Consider the Opposite
Inversion
is counterintuitive. It is not obvious to spend time thinking about the
opposite of what you want.
And
yet inversion is a key tool of many great thinkers. Stoic practitioners
visualize negative outcomes. Groundbreaking artists invert the status quo.
Effective leaders avoid the mistakes that prevent success just as much as they
chase the skills that accelerate it.
Inversion
can be particularly useful for challenging your own beliefs. It forces you to
treat your decisions like a court of law. In court, the jury has to listen to
both sides of the argument before making up their mind. Inversion helps you do
something similar. What if the evidence disconfirmed what you believe? What if
you tried to destroy the views that you cherish? Inversion prevents you from making
up your mind after your first conclusion. It is a way to counteract the
gravitational pull of confirmation bias.
Inversion
is an essential skill for leading a logical and rational life. It allows you to
step outside your normal patterns of thought and see situations from a
different angle. Whatever problem you are facing, always consider the opposite
side of things.
FOOTNOTES
1. Hat tip to
Ryan Holiday. I learned about the “premeditatio malorum” in his article, Practice the Stoic Art
of Negative Visualization. His books on Stoicism are great
as well. I recommend starting with The Obstacle is the Way.
2. Inversion
is different than working backward or “beginning with the end in mind.” Those
strategies keep the same goal and approach it from a different direction.
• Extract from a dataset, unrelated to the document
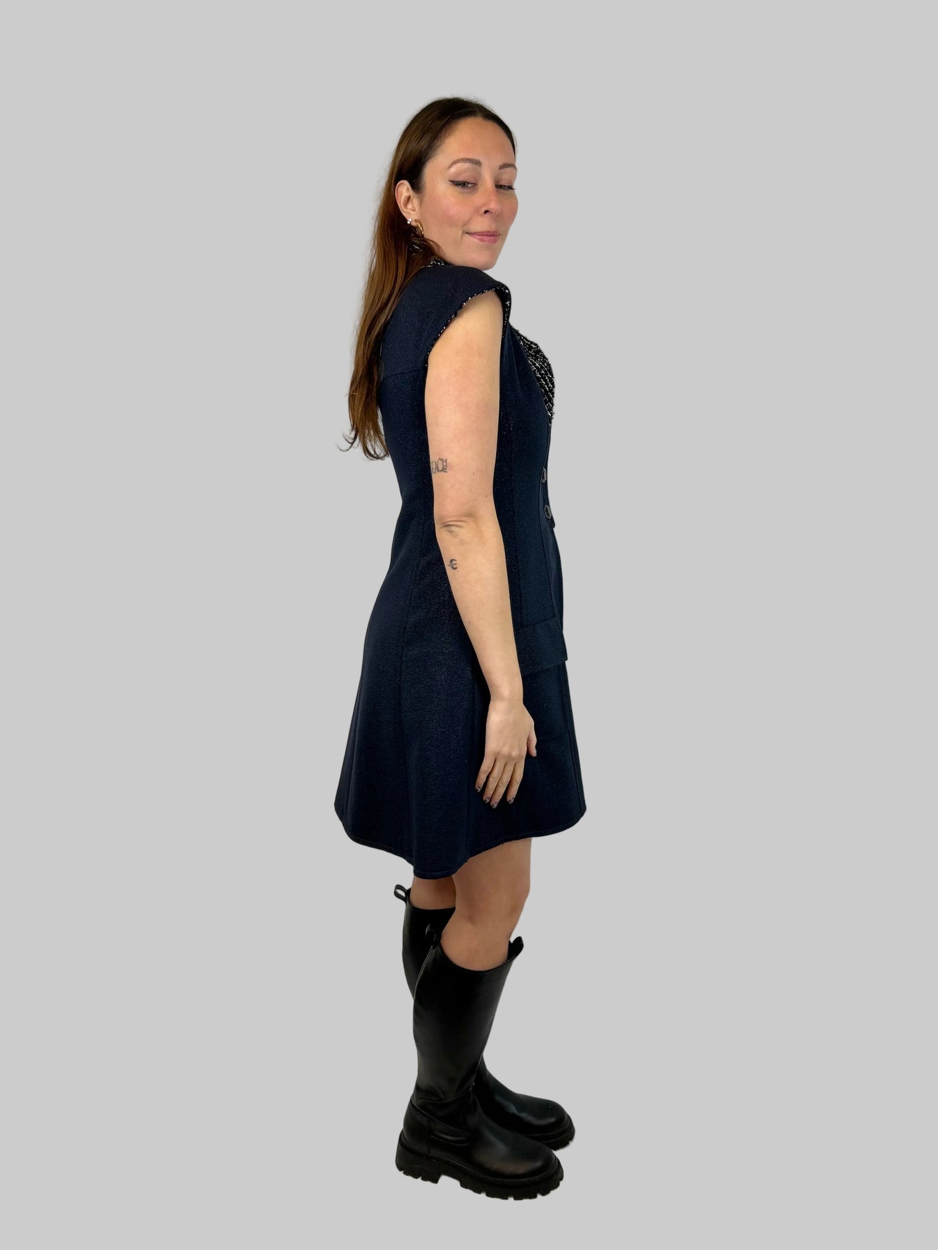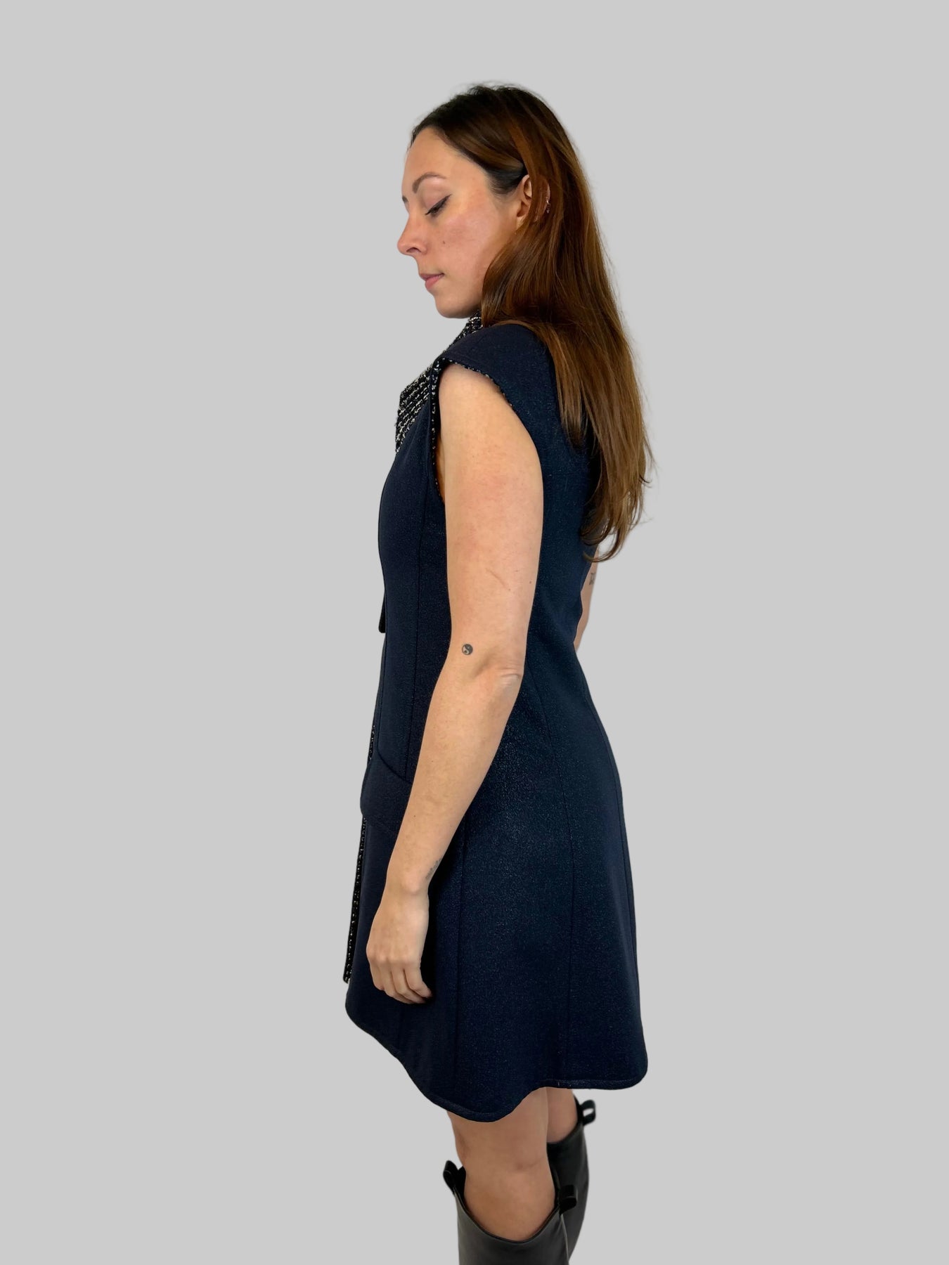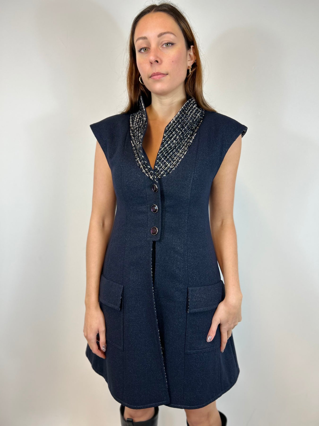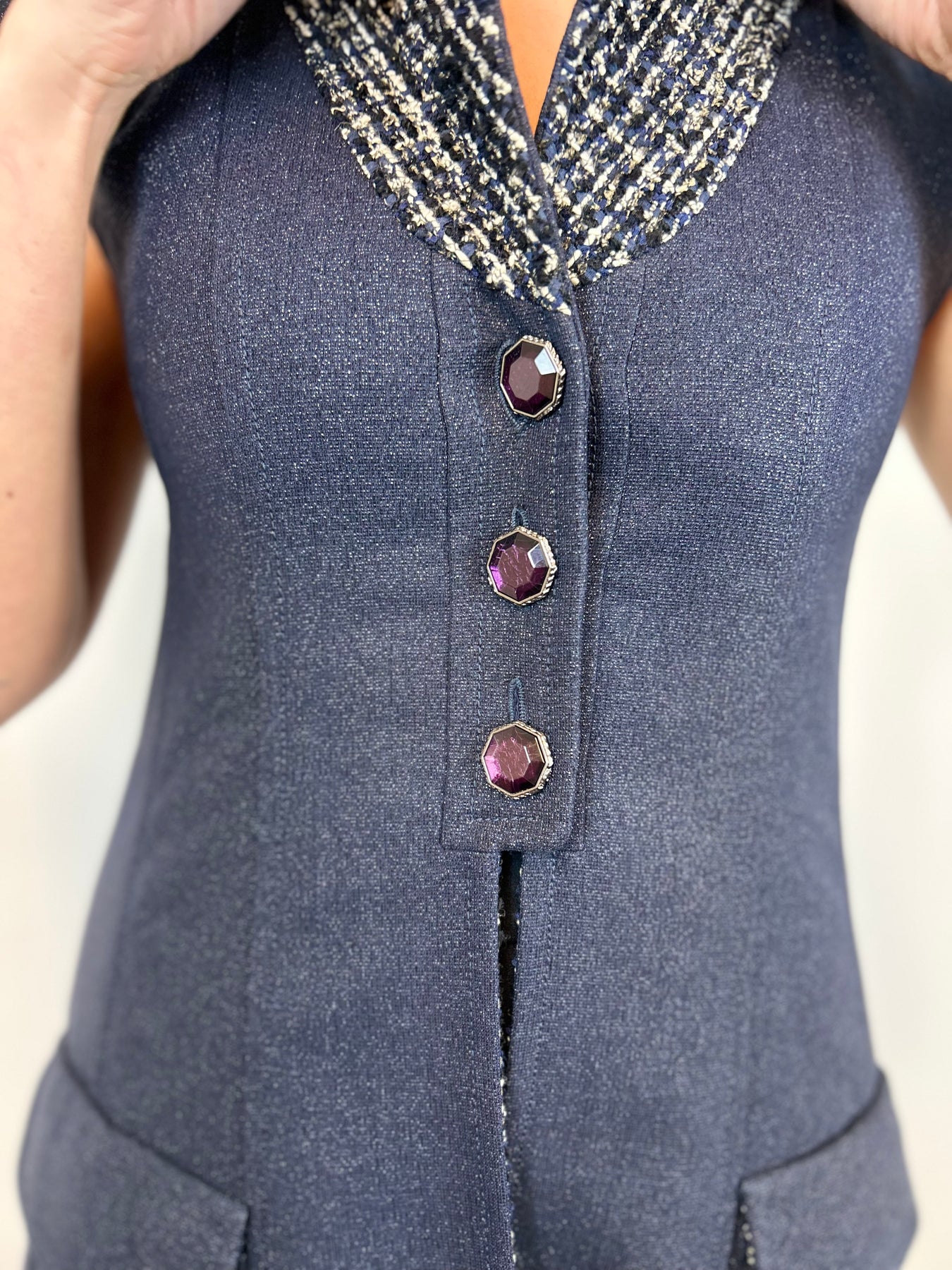 CHANEL Navy Shimmering Waistcoat With Tweed Interior Lining Size 38fr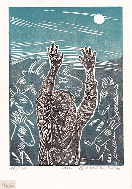 Mauro Bordin "Réponse à Chagall" Estampe originale linogravée sur vélin fort, signée main et numérotée sur 20 exemplaires, cachet à sec éditeur, Editions Pozor 2020

Meanwhile, inversion asks you to consider the opposite of your desired result.
3. A variety
of math textbooks claim that “invert, always invert” was one of Jacobi's
favorite phrases. The oldest source I could find was the Bulletin of the American
Mathematical Society, Volume 23. 1917.
5. 10 years later, Cobain
lives on in his music, TODAY. Also, see For The Record: Quick
News On Gwen Stefani, Pharrell Williams, Ciara, ‘Dimebag' Darrell, Nirvana,
Shins & More, MTV.
6. Sandford
1995, p. 181
8. The term
“Failure Premortem” was coined by psychologist Gary Klein in 2007.